Utility Weight Results

[Warning: The following post contains statistics done at 4 AM and not double-checked.]

By far the most interesting result from my utility and QALY survey earlier was the striking last name imbalance in readers of this blog. 93 people took the survey intended for people A-M, versus 34 for the N-Zs.

American last names begin with A-M 62% of the time (most of the imbalance is in M; I blame the Scots and Irish). StatTrek informs me that a 62% balance giving me results at least as lopsided as 93-34 should happen by chance only 0.5% of the time. Perhaps people just took the first survey no matter what their name was? Maybe they were turned off by the somewhat more complicated instructions on the second survey? It seems to be a mystery.

(as, indeed, is why about 85% of respondents came from Juneau, Alaska. Must be one of those coincidences :P)

I would like to think the survey showed that most people are pretty anti-death. The survey with death as the floor didn’t give great evidence for that, since I specifically told them to act as if death was a good floor in order to judge other things properly. But in the version with prison as the floor people consistently rated death significantly worse than states like prison, being in a starving African country, or being in North Korea. The survey was not really aimed at discussing death or suicide, so I would like to think it was less about signaling than some direct reports might be.

The next most interesting result was in the Relationship question. Single people consistently said a relationship would be about 1.54x better than their current single life, but people in a relationship estimated singlehood would only be about .85x as good as their current life; these numbers are obviously not reciprocals of each other. I blame myself; in the wording of the question, I asked single people to imagine a relationship with their “ideal” partner. For anyone with a remotely good imagination, this is a very desirable state. People in real relationships, even very happy relationships, probably can’t live up to that “ideal partner” standard, so it may be rational for these numbers to be different and not a sign of bias at all. On a similar note, men expected that women have significantly lower quality of life, but women did not expect men to have significantly higher quality of life; this failure of matched reciprocals seems much less excusable.

But what about the utility calculations? This was a mix of good and bad news.

The three methods of determining utility correlated extremely haphazardly with one another. Sometimes they would correlate as high as .7 or .8, other times not at all. There seemed to be no pattern to on what questions they would correlate, nor to which of the three would correlate best with which other of the three methods. The best I can say is that correlations between the three methods on the same question always seemed higher than correlations between different questions, which is good, I guess.

But once they were averaged out, they came up with remarkably consistent results. The lists of averages on each method correlated with the lists of averages of both other methods at > 0.9 level.

There was a very wide range of answers on each question; even something as uncontroversially bad as blindness would get utility weights of anywhere from 0.1 to 0.9. The standard deviations, once each question was standardized to be between 0 and 1, were pretty consistently around 0.2.

But most people had very similar preference orderings, and most people agreed on which things were only mildly bad (only tiny deviations from 1) versus worse.
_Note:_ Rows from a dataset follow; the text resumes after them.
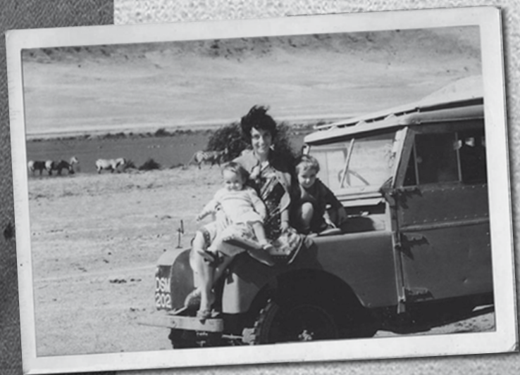
Mi madre con mi hermana y conmigo en el cráter de Ngorogoro
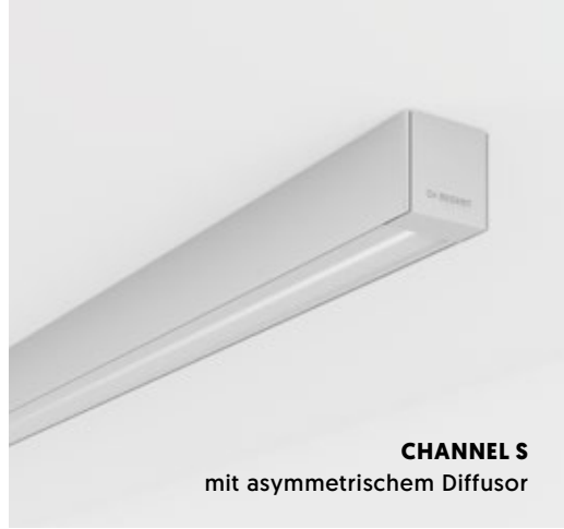
CHANNEL S mit asymmetrischem Diffusor
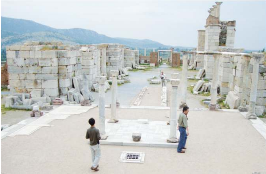
Рис. 4. Храм Иоанна Богослова в Ефесе

ности. При Юстиниане решено было покончить с последними напоминаниями о былом величии языческой богини, и руины храма Артемиды были использованы на строительство храма Святой Софии в Константинополе, а также, видимо, и самого храма Иоанна Богослова. Вероятно, возведение столь грандиозного сооружения, каким стал храм Иоанна Богослова в Ефесе, имело целью подчеркнуть своей монументальностью превосходство над языческим чудом света, которое, по словам Плиния Старшего 14 , имело «всего» 105 м в длину и 51 м в ширину, а ионические колонны, обрамлявшие святилище, достигали 18 м в высоту.
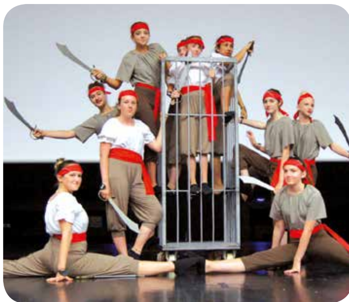
Gala de danse.
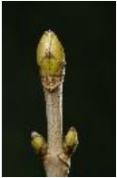
Bergahorn - Acer pseudoplatanus L., Knospen
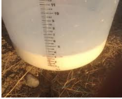
Fotoğraf 3.1. Üyelere Birlik aracılığıyla dağıtılan süt ölçüm kovası
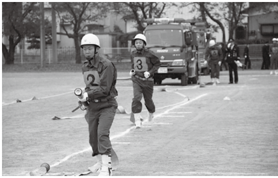
▲11月9日(日)に行われた上里町消防団・署特別点検の様子。有事のときに備えた日ごろの訓練の成果を披露しました。

一人ひとりが防犯を意識し、また、事故にあわないよう交通安全にも留意し、安心・安全なまちをつくりましょう。
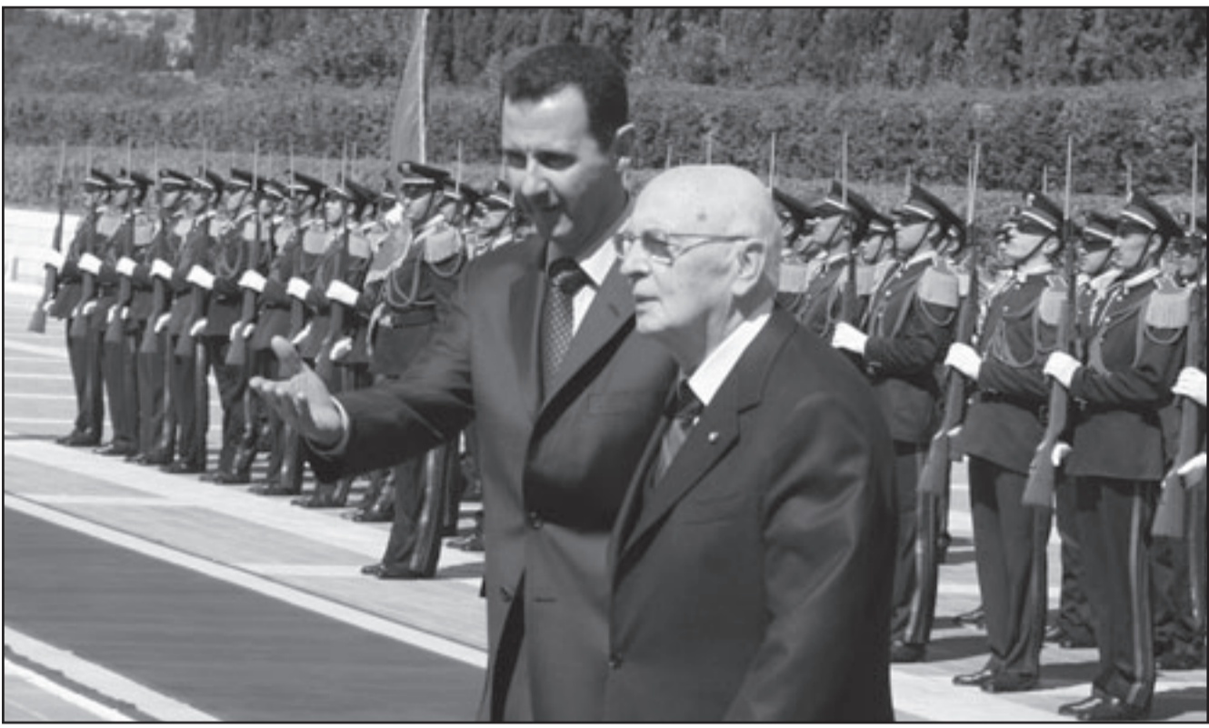
الرئيس السوري يستعرض حرس الشرف مع نظيره الإيطالي في دمشق

القدس الشرقية وهذا موقف الأيوبي مع موقف الإدارة السورية، مشيراً إلى تناغم هذا الموقف مع موقف الإدارة السورية، وأضاف «نحن على قناعة أن الحل الوحيد الممكن لتحقيق السلام هو الحل القائم على الدولتين والعرب، مؤكداً أن حق الشعب الفلسطيني في تقرير المصير وتقرير دولته المستقلة القابلة للحياة هو حق إسرائيل في الاعتراف بوجودها»، وأشار إلى ضرورة تحقيق المصالحة الفلسطينية ووحدة الشعب الفلسطيني بسلام، وقال إن عملية السلام يجب أن تشمل إعادة الأراضي المحتلة ومن بينها الجولان، وحول اتفاق الشراكة السورية - الأروبية قال نايوليتانو ونحن نقوم بكل
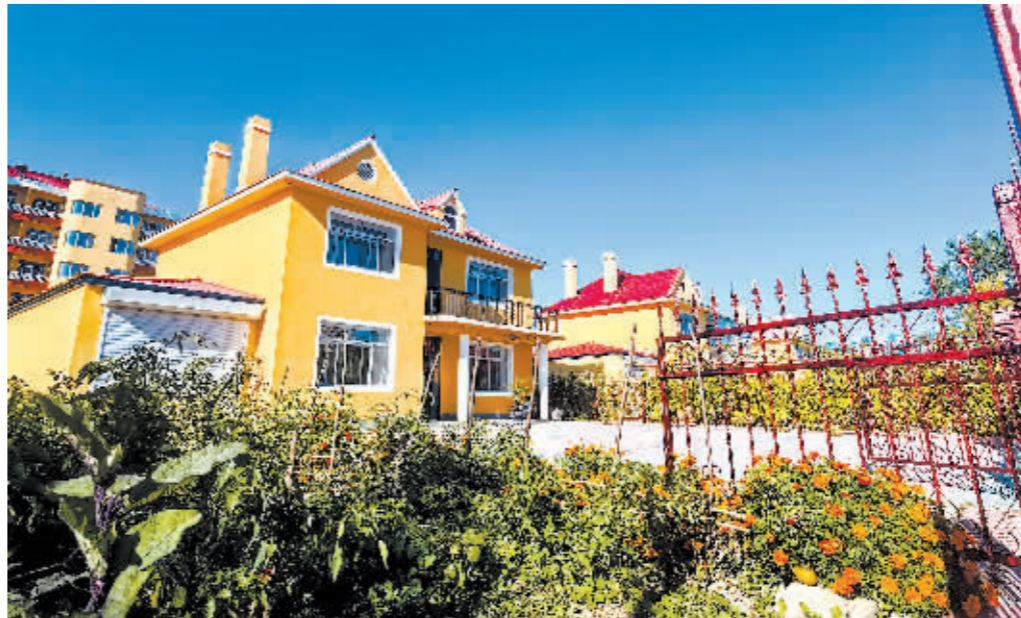
元宝村现代化的联排民居。

近年来,元宝村在大力发展工业的同时,做强生态农业,以文促旅、以旅兴农,还原“元茂屯”历史旧貌,打响“中国土改文化第一村”品牌,村集体经济持续发展壮大,村资产达7.4亿元,年人均纯收入4万元。今年,哈尔滨市在全省率先开展“百村示范、千村整治”宜居宜业和美乡村建设行动,为和美乡村赋能铸魂,创建五星级村15个、四星级村100个,看得见山水、留得住乡愁的和美乡村典型如雨后春笋般涌现。哈尔滨市农业农村局乡村建设处处长房跃轩对记者说:“美丽乡村与和美乡村一脉相承,一字之变,内涵深远,更加注重放大了原生态乡村魅力,致力留住乡村乡韵乡

I feel like although the data were very noisy, there was also a very real signal in there.

The numbers here are all means. The medians were mostly the same with the exception of the “billionaire” question, where a few people just seemed incredibly excited about the possibility of being a billionaire and everyone else was kind of meh (one friend noted wanting to be able to give the money to charity, which is something the question should have warned against). The median there was closer to 1.3 than the dizzying heights the mean attained.

Another encouraging fact is that even with different floors, the people on Survey 1 and the people on Survey 2 came up with almost the same results once they were adjusted onto compatible scales:

In the table above, DerStandard is derived from the second survey’s answers by trying to transform them to be on the same scale as the first survey. Standard is the unadjusted answers to the first survey. As you can see, even though they were working from different starting points they came up with some very similar answers (only the first test is shown on the table, but the other tests seemed broadly similar).

Last point. I put “blindness” on there because many people in health research have studied the negative utility of blindness and I wanted to see if this test, amateurish and haphazard as it was, would get the same results they did (which might in turn legitimize some of its other numbers). The CHUM-T gets a utility weight for blindness of .63. Tufts’ database of utility weights lists numbers between .4 and .69 (also other numbers for various technical terms that mean blindness, but I think the exact wording is important here).

So I guess if I can conclude anything from this, it’s that utility measurement is very hard and produces confusing results, but that this test doesn’t seem to be any more wrong than others.

You can download the raw data in .csv format here. Tell me if you find anything cool.